第5話 不穏な影の行方

 その日のギルドは妙に賑やかだった。


 依頼ボードの前で揉める声がいつもより多い。

 ザックは胸当てを撫でながら意味もなく歩き回り、

 セレンは書類を抱えたまま走り回っている。


(なんだこの落ち着かない空気……)


 俺は定位置に腰を下ろしながら、聞き覚えのないざわめきを耳に入れた。


「――さっき町に貴族の馬車が来たらしいぞ」


「あー、なんか華やかな飾りの見たな。令嬢が来てるとか」


(貴族か……面倒なことの前触れじゃないだろうな)


 冒険者にとって貴族は“金払いのいい依頼主”であり“厄災”でもある。


 勝手気ままで、怒らせると最悪命の保証がない。

 だが金払いはいい。リスクを取るかリターンを取るか。

 それにしても、こんな田舎町に一体どんな用事があるのやら。


 俺は頭を振って考える事をやめた。どちらにしても厄介事で間違いないだろう。それに俺とは関係ない話だ。少し冷えてしまったスープを啜る。


 そんな時だった。

 

「セレーン! 聞いて聞いてーっ!」

「マジでやばかったんだけどー!」


 扉を蹴り開ける勢いで、うるさい二人組が飛び込んできた。


「どうしたんです?落ち着いて話してください」

 セレンは書類を抱えたまま対応に追われる。


「なんか森でさー! 魔物がヤバくて!」

「数とかヤバくて!目とか赤く光ってるしヤバすぎ!」


 その声に、ギルド内の空気が揺れた。


 森――町のすぐ裏にある、冒険者にとって最も身近な狩場だ。


 そこで“何かがおかしい”となると、ただの噂では済まない。


 ちょうどその時、遅れていたギャルたちのパーティメンバーが揃い、緊迫した顔でギルドマスター室へ向かっていった。


「おい!聞いてたか!異変だってよ?」


 興奮したようにザックが話しかけてくる。


「らしいな。まあ面倒な事にならない事を祈るわ」


 その後は続報が気になるのか、常設依頼にいく事もなくその場の全員がテーブルで噂話に花を咲かせる。


 

――暫くして再度ギルドの扉が勢いよく開く。


「はぁ……はぁ……ッ、誰か……助けてくれ……!」


 ギルド全体が振り返る。


 名前は知らないが何度か見かけた事がある二人組。

 防具は裂け、腕や脚には血が滲み、背中には完全に意識を失った仲間を背負っている。


「大丈夫ですか!? 誰か救護室に運んで!」

 セレンが慌てて駆け寄った。


「森の……奥で……やばい、魔物が……ッ」


「今は治療を優先します。話はあとで!」

セレンの声がギルド全体に響く。

 ざわついていた冒険者たちが、一斉に息を呑んだ。

 

 冒険者たちが急いで彼らを支え、治療室へ運んでいくとギルド全体に、重たい沈黙が落ちた。

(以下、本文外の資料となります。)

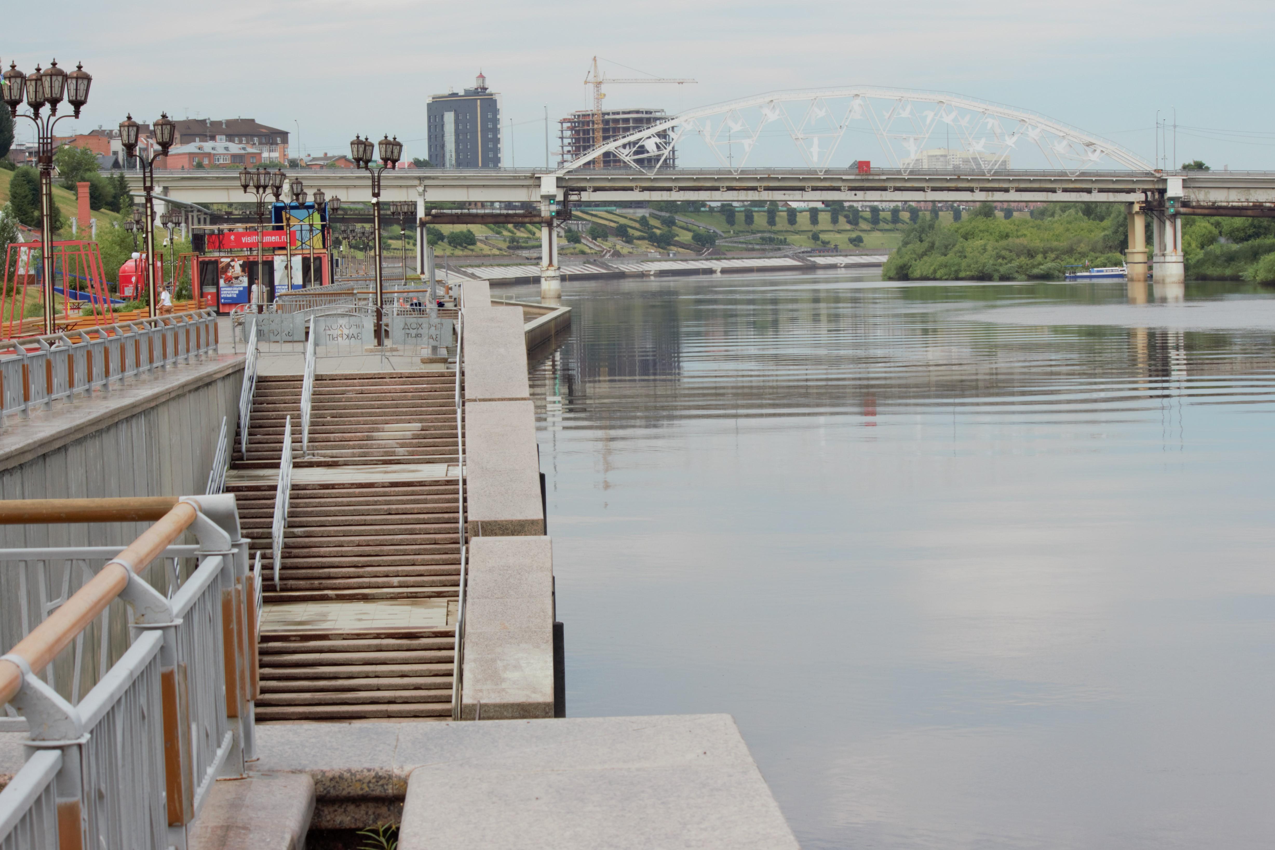 В этом году Тура затопила первый уровень набережной, а после стала отступать. Вот так река выглядела всего неделю назад.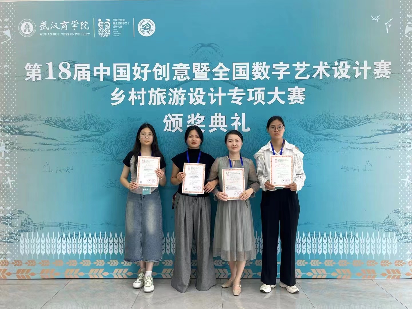 5月18日,由中国好创意暨全国数字艺术设计大赛组委会主办、武汉商学院承办的第十八届中国好创意乡村旅游设计专项大赛颁奖典礼在武汉隆重举行。 四虎影院 作品“打造郝荷乡旅品牌,赋能亲子节事活动”荣获决赛一等奖,“信阳环南湾湖茶旅游线路”荣获决赛三等奖。宋春巧老师获“国赛优秀指导教师奖”,魏超老师获"省赛优秀指导教师奖"。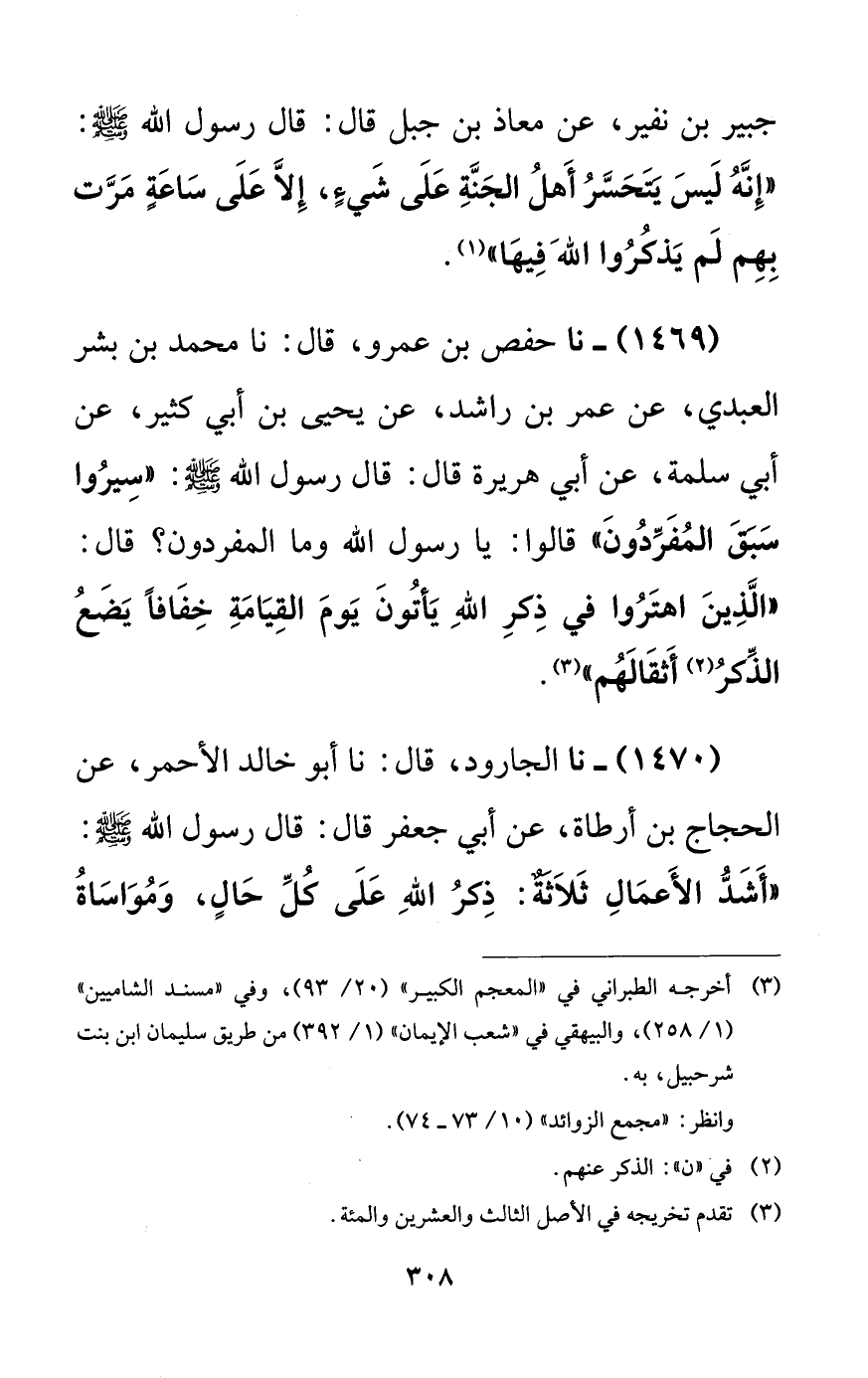 1469 - نا حفص بن عمرو، قال: نا محمد بن بشر العبدي، عن عمر بن راشد، عن يحيى بن أبي كثير، عن أبي سلمة، عن أبي هريرة قال: قال رسول الله صلى الله عليه وسلم: ((سيروا سبق المفردون)) قالوا: يا رسول الله وما المفردون؟ قال: ((الذين اهتروا في ذكر الله يأتون يوم القيامة خفافاً يضع الذكر أثقالهم)).
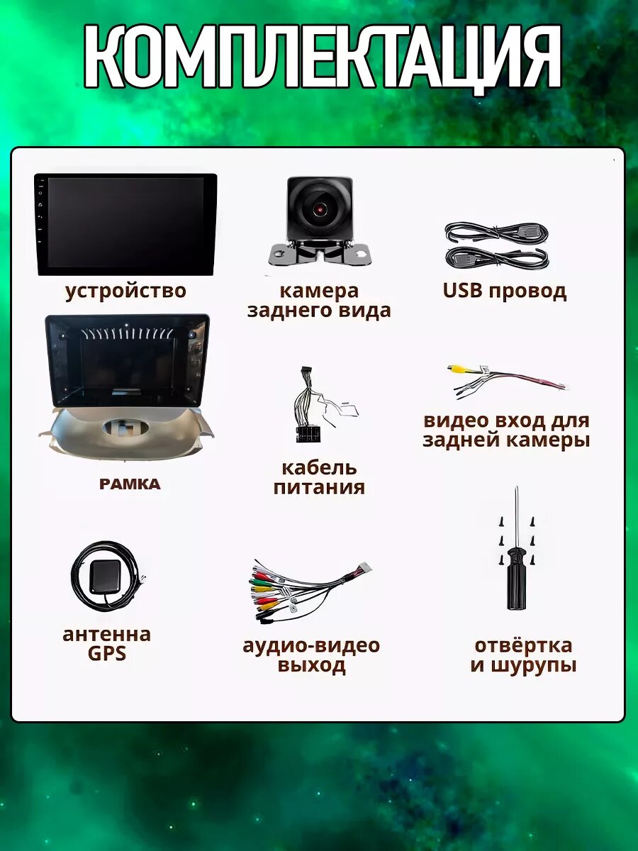 | Подробная комплектация | магнитола; провода для подключения; инструкция; Переходная рамка |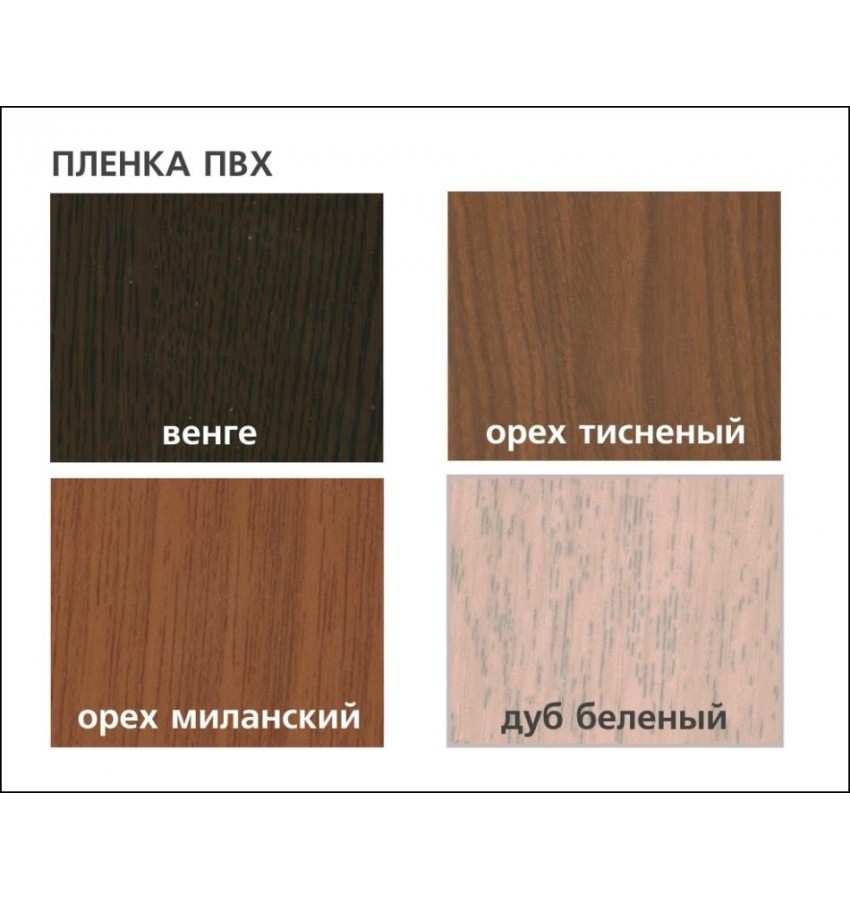 Внутренняя отделка (складская программа): МДФ (6мм) фрезеровка №4, №13 с пленкой ПВХ - “Орех Миланский”, “Венге”, “Дуб беленый”, “Орех тисненый”.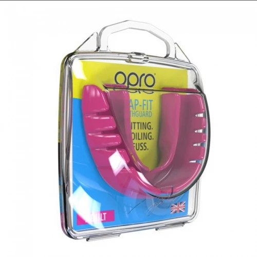 Chránič zubů OPRO Snap-Fit - růžovýJednoduchý chránič zubů od společnosti Opro. Vydání Snap-Fit, dobrá ochrana zubů. Chránič zubů se dodává s praktickým úložným boxem. Chránič zubů Gen4 Snap-Fit je vhodný pro začínající bojové umělce. Výhody chrániče zubů OPRO Snap-Fit- snadné dýchání- maximální pohodlí- dobrá ochrana- včetně úložného boxu- Junior / do 11 let- Senior / od 11 letOPRO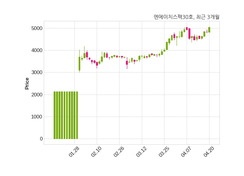 한편, 엔에이치스팩30호는 장 마감 이후 해당 기업공시를 발표했으며 오늘 종가가 5,040원, 거래량은 274,403주로, 직전 거래일 대비 215원(+4.46%) 상승했다.

 運び込まれた男の胸当てには大きく抉れた跡を思い出す。普通の魔物じゃ、あんな傷はつかない。


(……やべぇな。これ、嫌な予感しかしねぇ)


 俺の隣でザックがごくりと唾を飲む。


「ルカ……これさ……もし依頼になったら、俺たちも行くよな?」


「行かなきゃ査定が下がるだろ。

 ……死にさえしなきゃ、なんとかなる」


「生き残れる保証は?」


「ねぇよ」


「だよな……」


 ザックが肩を落とす。

 だが、それは俺だって同じだ。


 そのとき――ギルド奥のドアが開いた。


「全員、静粛に!」


 ギルドマスターが姿を現し、重い空気を切り裂くように言った。


「森の異変について、正式に依頼が出る。

 規模が大きいため、ギルド所属の冒険者全員に参加を要請する。」


 その言葉で、場の空気が震えた。


「おいおい全員参加とかマジかよ……」

「大規模調査じゃねぇか……」

「そんな危ないならランク上げてからにしてくれよ……!」


 泣きそうな声、怒声、ざわめき。


(……来たな)


 嫌な予感は、案の定当たったらしい。


「今から呼ばれた冒険者は交代で森の監視を任せる。あと、出払っている冒険者に緊急召集を伝えてくれ」


呼ばれた奴らは慌ててギルドから出ていく。

残っている奴らは普段とは違い、ギルドマスターの言葉に真剣に耳を傾ける。

 

 「もうすぐ暗くなる。調査自体は明朝からだ。何が起きるかわからん……各自十分な準備しておいてくれ」


 明日から始まる戦いに向けて一斉に動き出した。